Alle Farben, dunkelrot über orange, gelb, rosa und weiß, alle Formen, einfach bis gefüllt. Einmalblühend, öfterblühend, Wildtrieb und Züchtung, Busch-, Rambler oder Kletterrose. Klangvolle Namen wie Bathsheba, Gloria Dei, Golden Showers oder Jude the Obscure, und viele Namen, die ich vergessen habe oder nie gekannt. Es spielt alles keine Rolle: die Rosen feiern das Leben in einem gemeinsamen Fest, in einem ungenierten, mitreißenden Rausch. Sie leuchten sogar nachts, wenn der Rosenmond silbern in den langen Sommerabend steigt.

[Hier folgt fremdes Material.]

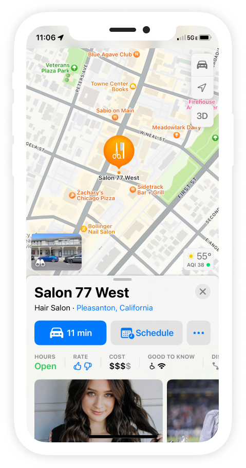 Expand your reach and get booked easily when customers search your business on Apple Maps with the "Schedule" button.

Sie ist kurz, diese Zeit, kürzer noch als sonst, da die Hitze brennt und gar nicht soviel gegossen werden kann wie es nötig wäre. Rosen sind Tiefwurzler und vertragen viel, doch die Blüten haben es schwer. Doch all das kümmert sie nicht. Es geht nicht darum, ob sie morgen noch blühen oder auch gestern schon. Sie feiern das Heute, den Tag, den Augenblick, und der ist dermaßen erfüllt, dass es genügt. An dieser Energie, an dieser freudigen, genügsamen Gegenwärtigkeit können wir uns anstecken, es genauso machen, wenigstens manchmal, und dann wird ein Geschenk daraus, ein leichtes, strahlendes, duftendes, in dem alles enthalten ist, was wirklich zählt.

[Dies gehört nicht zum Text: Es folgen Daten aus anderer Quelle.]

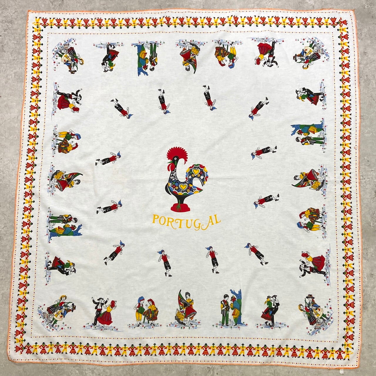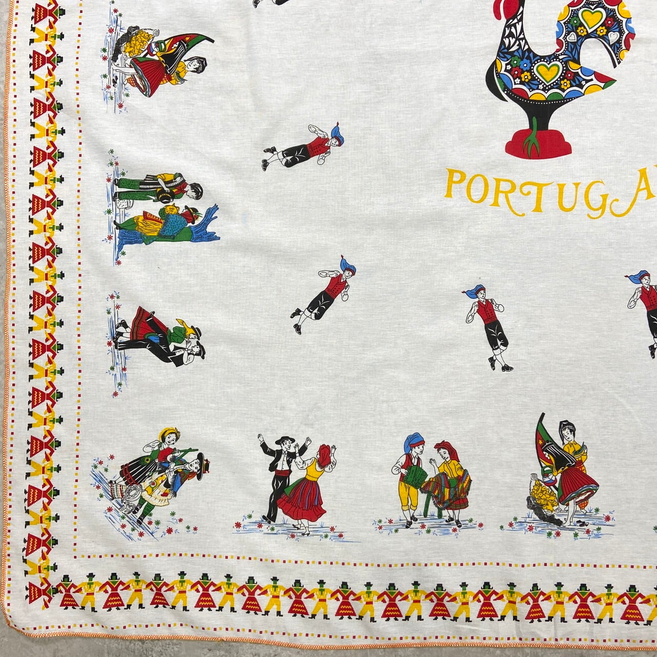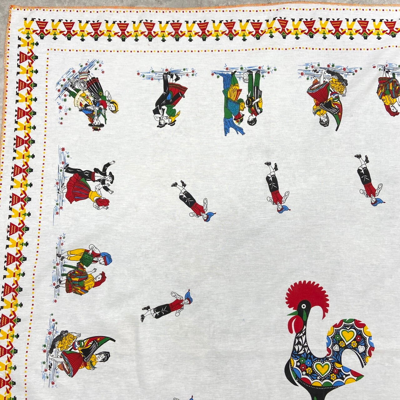 ポルトガル製 ヴィンテージ 大判テーブルクロス 134×145cm / 幸運を呼ぶ雄鶏「ガロ」と民族衣装 / フォークアート インテリア【テーブルクロス】 /マルチカラー

Ich durfte mehrere solche Geschenke genießen, in diesem besonderen Sommer, mehr als je zuvor. Die Rosen fassen in Gestalt, wofür ich keine Worte habe. Und zeigen, wie wenig man manchmal ahnt, was für Knospen sich morgen noch öffnen werden.

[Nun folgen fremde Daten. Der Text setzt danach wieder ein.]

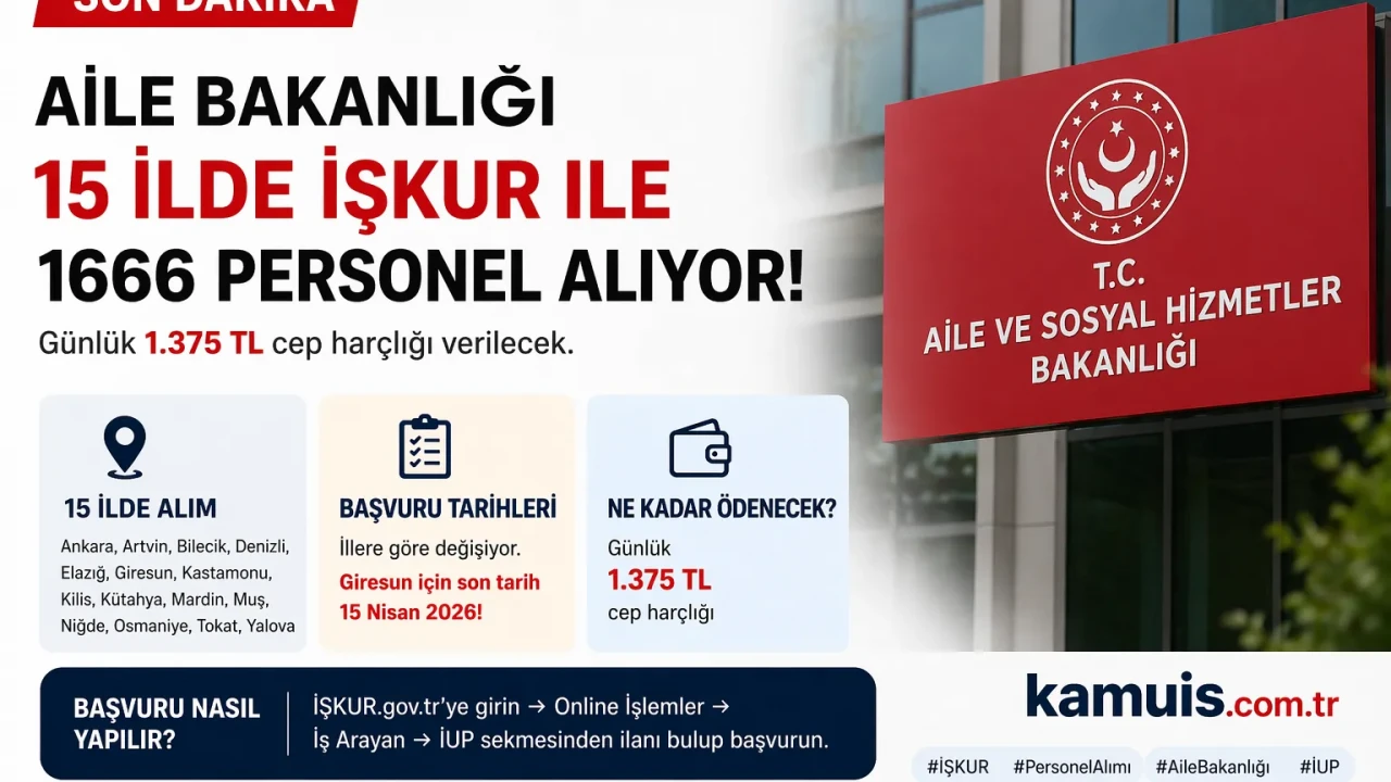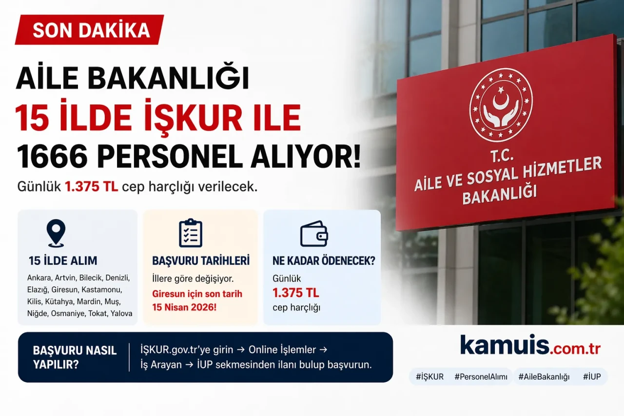 Aile Bakanlığı, 15 ilde toplam 1666 personel alımı yapıyor. Başvurular İŞKUR üzerinden ve son tarih illere göre değişiyor.

Wenn ich jetzt in den Garten gehe, komme ich nur Schritt für Schritt vorwärts. Überall muss ich ein Blättchen zupfen, es zwischen den Fingern zerreiben, daran schnuppern. Jeder Duft weckt andere Erinnerungen, andere Bilder. Lavendel: Die Kleider, die Oma nähte, die Seife in einer Pension in Österreich in einem lang vergangenen Sommer, weite blaue Felder im Süden, die ich nie gesehen habe. Rosmarin: Wildbraten an der See, ein heißes Bad in einem Schneewinter. Thymian: Ferien, irgendwo an einem Berghang liegend zwischen Wildkräutern. Ananassalbei, der wirklich nach Ananas riecht, nach Obstsalat und dem durchgeweichten Kuchen mit der Gelatine darauf den es früher gab, wenn unerwartet Besuch kam. Currykraut, so herrlich silbrig und würzig. Maggikraut, Oregano und Estragon: Vaters Steaks vom Grill und die Quarksauce zu den Folienkartoffeln. Basilikum, das lernte ich erst später kennen, bei Freunden an der Uni. Weihrauch: so ganz anders, aber gut gegen Mücken. Zitronenmelisse: Sommertee. Schnittlauch, von dem man mir beibrachte man könne ihn nicht mehr essen wenn er blüht, und dessen Blüten so lecker sind, wie ich heute weiß. Petersilie – früher gehasst, aber: iß Vitamine, Kind! und unverzichtbar wenn man ein kaltes Buffet dekorieren möchte.